Instructions to follow: Would you retype, word for word, the line with "別看膜結(jié)構(gòu" and each line after it to the end of the entries below, leaving the pictures out?

─── Exercise materials

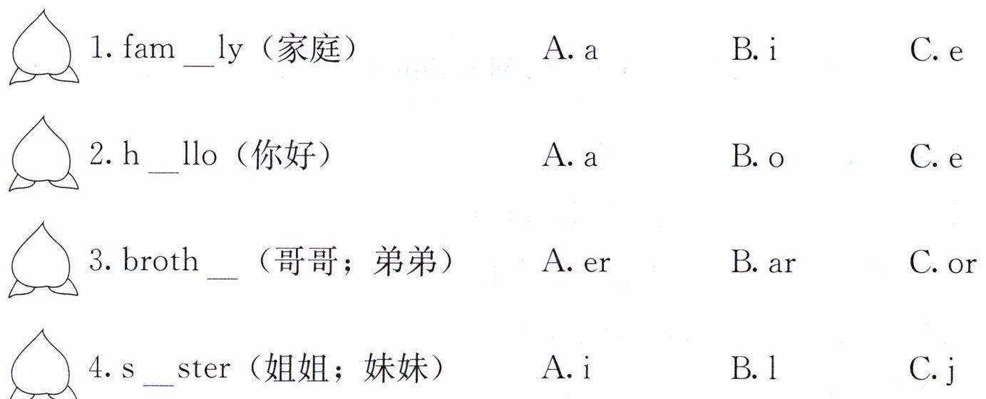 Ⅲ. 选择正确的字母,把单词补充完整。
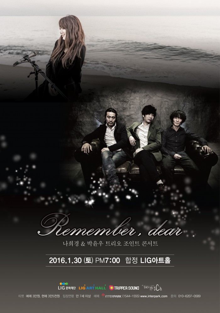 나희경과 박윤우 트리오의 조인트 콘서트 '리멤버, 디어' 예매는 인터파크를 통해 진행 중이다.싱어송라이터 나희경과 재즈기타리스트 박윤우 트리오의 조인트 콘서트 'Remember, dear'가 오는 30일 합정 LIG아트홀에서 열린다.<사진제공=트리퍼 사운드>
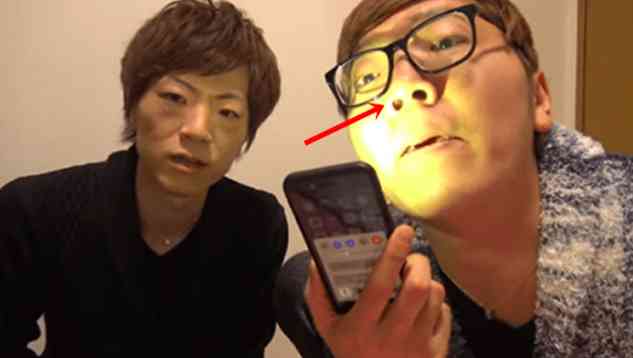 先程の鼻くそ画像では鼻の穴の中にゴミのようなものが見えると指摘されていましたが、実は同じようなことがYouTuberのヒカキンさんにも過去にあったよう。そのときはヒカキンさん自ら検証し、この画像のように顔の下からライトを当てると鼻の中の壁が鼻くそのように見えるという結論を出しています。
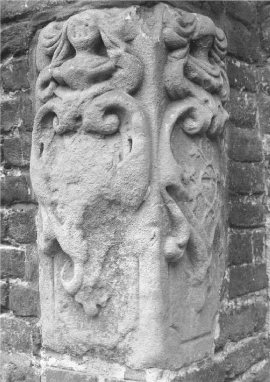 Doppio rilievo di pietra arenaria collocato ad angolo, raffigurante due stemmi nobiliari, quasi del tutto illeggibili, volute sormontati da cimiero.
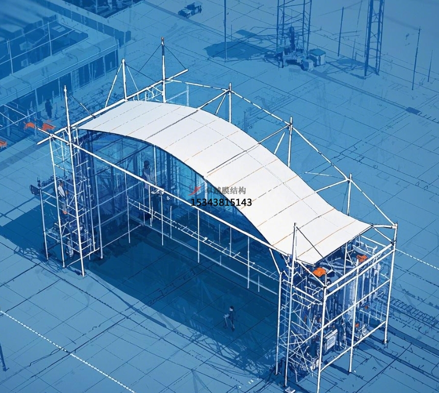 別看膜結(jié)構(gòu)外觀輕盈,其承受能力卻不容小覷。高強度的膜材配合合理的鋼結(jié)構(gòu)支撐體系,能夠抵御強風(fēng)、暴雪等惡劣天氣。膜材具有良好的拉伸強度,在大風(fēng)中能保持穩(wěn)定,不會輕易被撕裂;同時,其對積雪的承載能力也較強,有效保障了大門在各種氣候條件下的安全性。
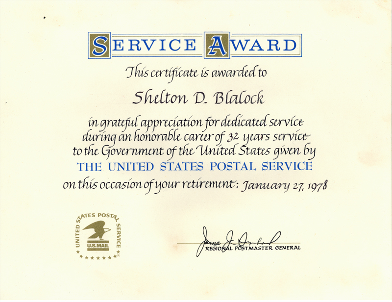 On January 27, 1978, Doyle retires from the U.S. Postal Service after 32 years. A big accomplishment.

──────

Exercise output:
 別看膜結(jié)構(gòu)外觀輕盈,其承受能力卻不容小覷。高強度的膜材配合合理的鋼結(jié)構(gòu)支撐體系,能夠抵御強風(fēng)、暴雪等惡劣天氣。膜材具有良好的拉伸強度,在大風(fēng)中能保持穩(wěn)定,不會輕易被撕裂;同時,其對積雪的承載能力也較強,有效保障了大門在各種氣候條件下的安全性。
 On January 27, 1978, Doyle retires from the U.S. Postal Service after 32 years. A big accomplishment.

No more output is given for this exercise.